・シンキングタイム
・シンキングタイム
引き続き愛研同総合部部室にて。
「だからさあ、全体から愛研同だけ外そうってこったよ」
「そういうことかー」
斎の端的な説明に祥子が頷く。学校では配布物は基本的に全員に配られるものである。特定の人物にだけ行き渡らないということは、それこそ本人が欠席でもしない限りは基本的に有り得ないのである。。
「俺と部長だけならまだしも南までとなると完全に狙い撃ちってことだよな」
「なんで私まで」
「そりゃ実務を取り仕切ってるのはみなみんだし、今年の躍進は部員の努力の芽吹きなんだけど、周りはそうは思ってないんでしょ」
注目していないものが目覚ましい発展を遂げた場合、一般的には手近な変更点に焦点が当たるものである。
南は実務家である。各部との連絡や書類作成始め、斎が『なあなあ』でほったらかしにしていた制度面が整えられたのは彼女の力に由る所が大きい。
また、彼女は彼女で愛研同の活動をしている。
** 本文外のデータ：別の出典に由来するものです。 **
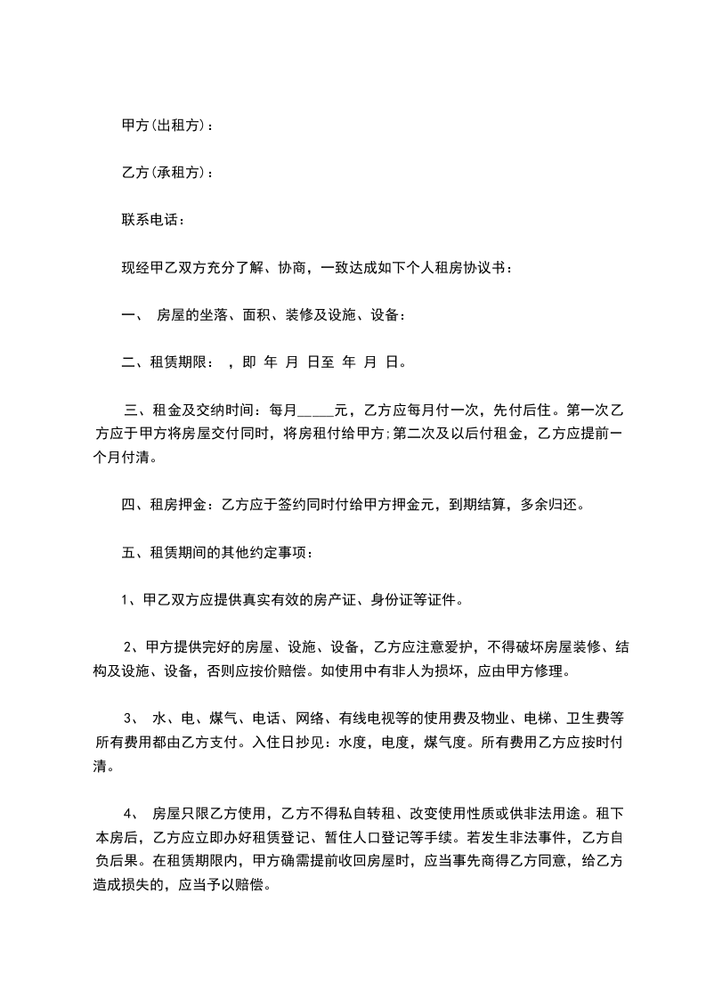 现经甲乙双方充分了解、协商,一致达成如下个人租房协议书:
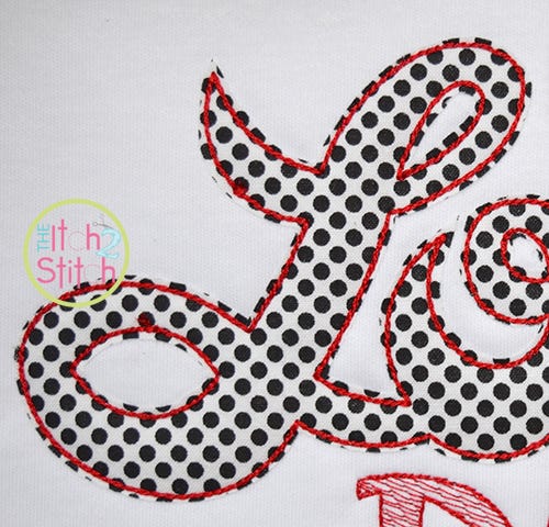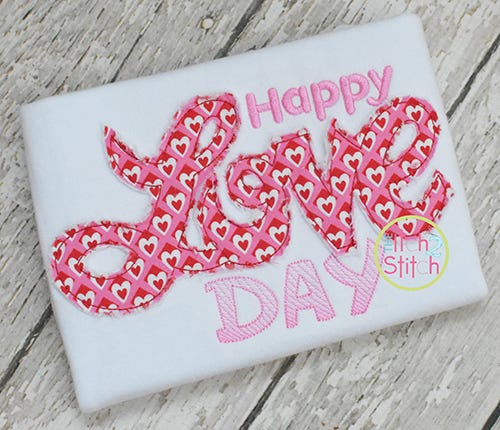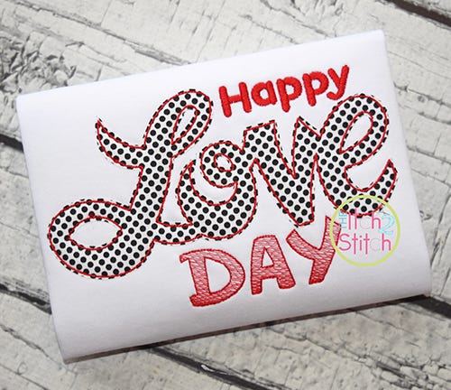 The word "Happy" is satin stitch. The word "Love" is applique finished in a bean stitch. The word DAY has a sketch fill pattern (light and airy).
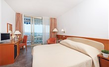 d) 2 - lůžkové pokoje SUP Istrian 2+1 - výhled na moře - s možností přistýlky: 19m2, s manželským lůžkem (160x200 cm) nebo oddělenými postelemi (2x 100x200 cm): Spr.+WC , SAT/TV, klimatizace, minibar, trezor, telefon, rádio, prac. stůl, fén, budící služba/budík, balkon. Přistýlka 65 x 180 cm nebo 90 x 200 cm
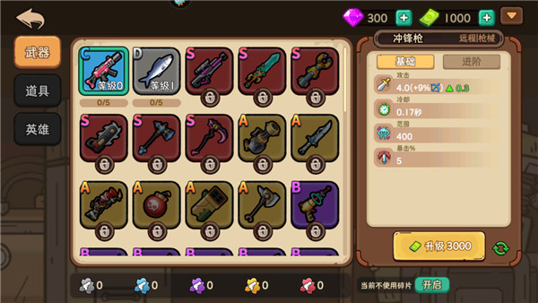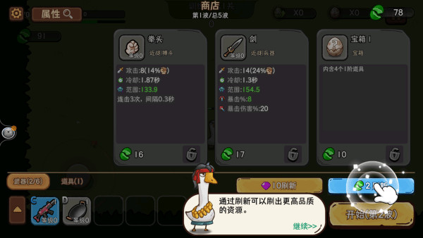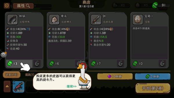 4、当击败每一波敌人或时间消耗完后可以选择武器、道具。
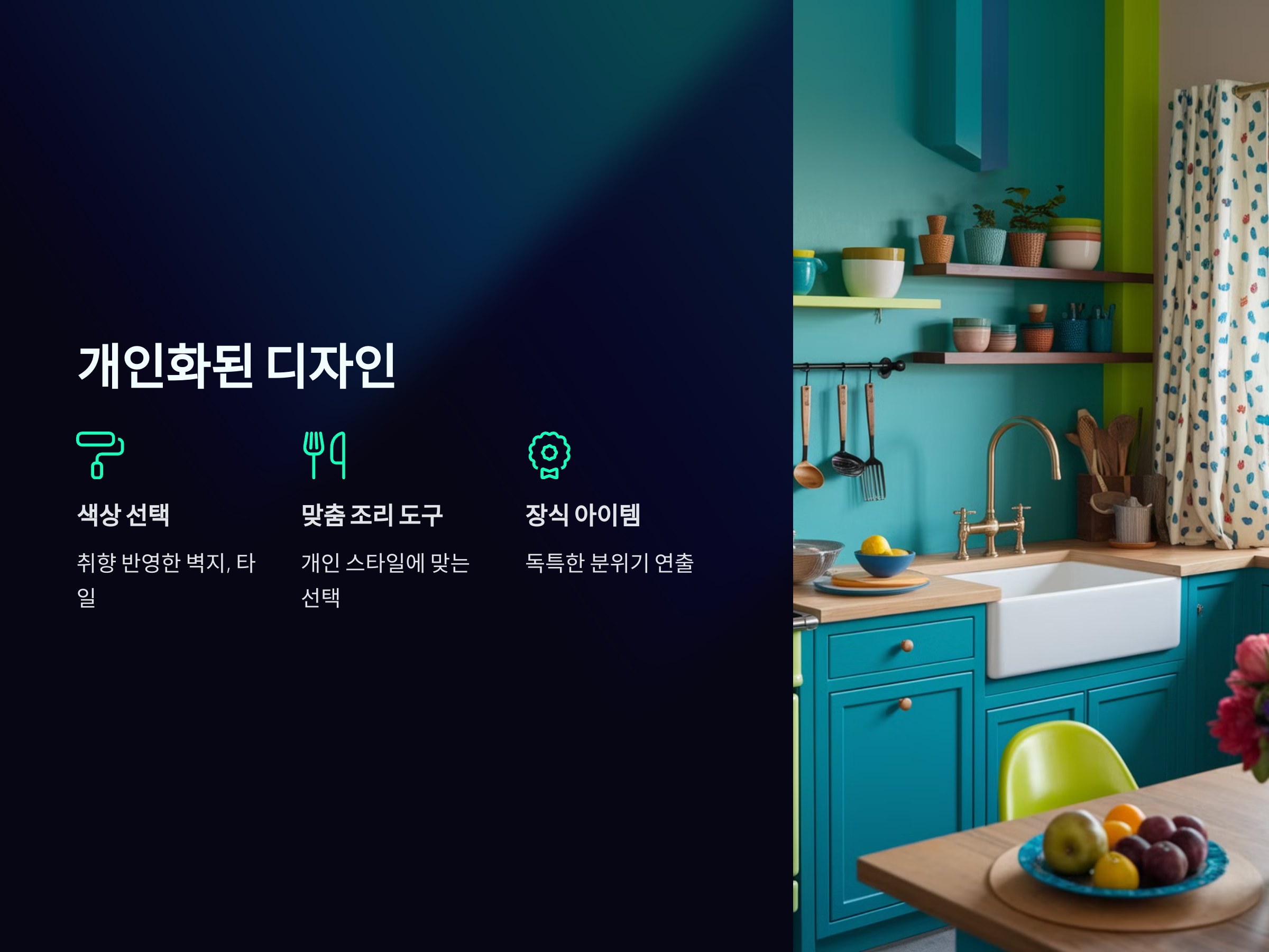 전원주택의 매력은 무엇보다 나만의 공간을 만들 수 있다는 점입니다. 그래서 주방 인테리어에서도 개인의 취향을 반영할 수 있는 요소들을 적절히 넣는 것이 중요합니다. 좋아하는 색상이나 스타일을 적용한 벽지, 커스터마이즈된 조리 도구, 오리지널한 장식 아이템 등을 활용하여 개성 있는 주방을 만들어 보세요. 전원주택의 특성에 맞춰 자연스러운 디자인을 유지하면서도 나만의 개성을 더하는 것이 포인트입니다.
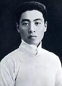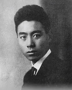 Zhou's diaries and letters from his time in Tokyo show a deep interest in politics and current events, in particular, the Russian Revolution of 1917 and the Bolsheviks' new policies. He began to read avidly Chen Duxiu's progressive and left-leaning magazine, New Youth.[25] He read early Japanese works on Marx, and it has been claimed that he even attended Kawakami Hajime's lectures at Kyoto University. Kawakami was an important figure in the early history of Japanese Marxism, and his translations and articles influenced a generation of Chinese communists.[26] However, it now seems unlikely that Zhou met him or heard any of his lectures.[27] Zhou's diaries also show his interest in Chinese student protests in opposition to the Sino-Japanese Joint Defense Agreement in May 1918, but he did not actively participate in them or return to China as part of the "Returning Home Movement".[28] His active role in political movements began after his return to China.
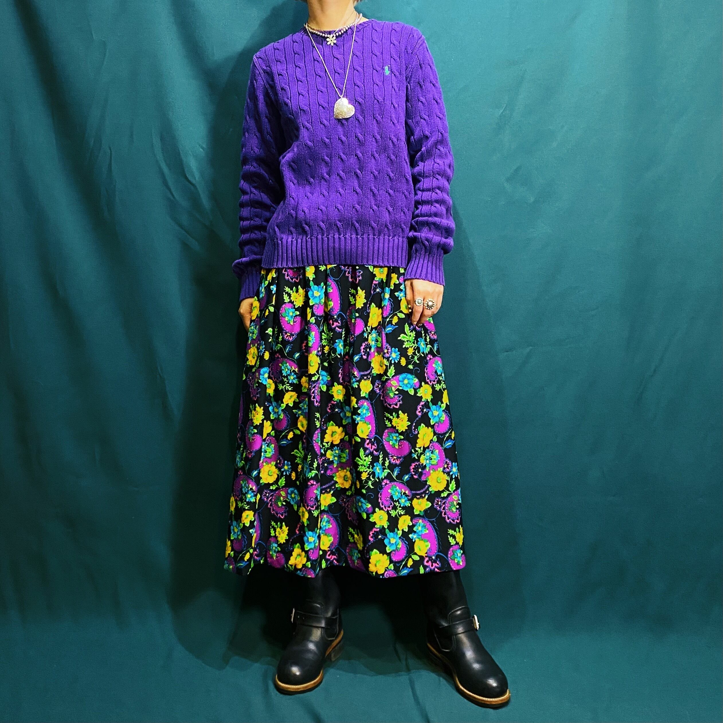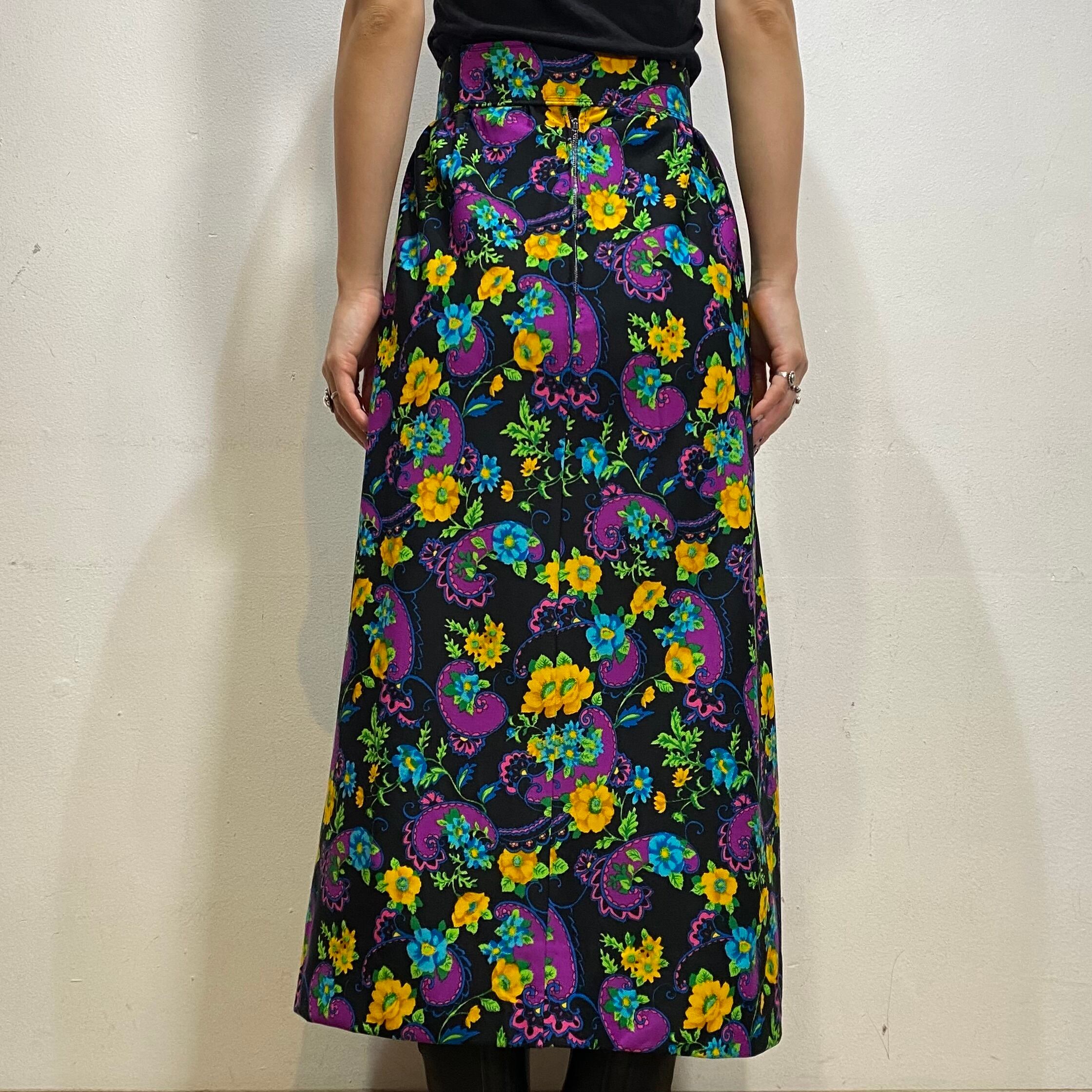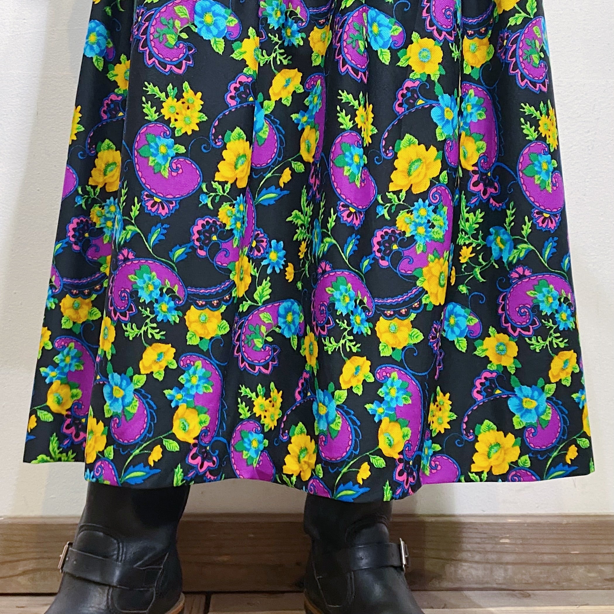 ペイズリーやお花の柄が可愛い60~70年代のロングスカートです。

祥子や斎とは好みが異なるが他の部にもちゃんと顔を出しているのだ。
そういった諸々の活動内容が評価された結果、この集まりが意外としっかりするようになってしまったのは彼女のせいである、という見方をされたのも已む無しと言える。
斎の思想に共感して部員たちが集まり、祥子のこなす日々の雑用が部員たちの成長を助け、南の取りまとめが部員たちへの波風を防いだと言える。
「でもこれよくこんなことできたな」
「違うクラスの違う席の三人に絞ってプリント渡さないとか逆に難しいよ」
方法を模索するなら教師自らが配るか、生徒にそのように配らせるかである。生徒が自発的にそうしてくれる可能性もあるが、南は特に嫌われていなかった。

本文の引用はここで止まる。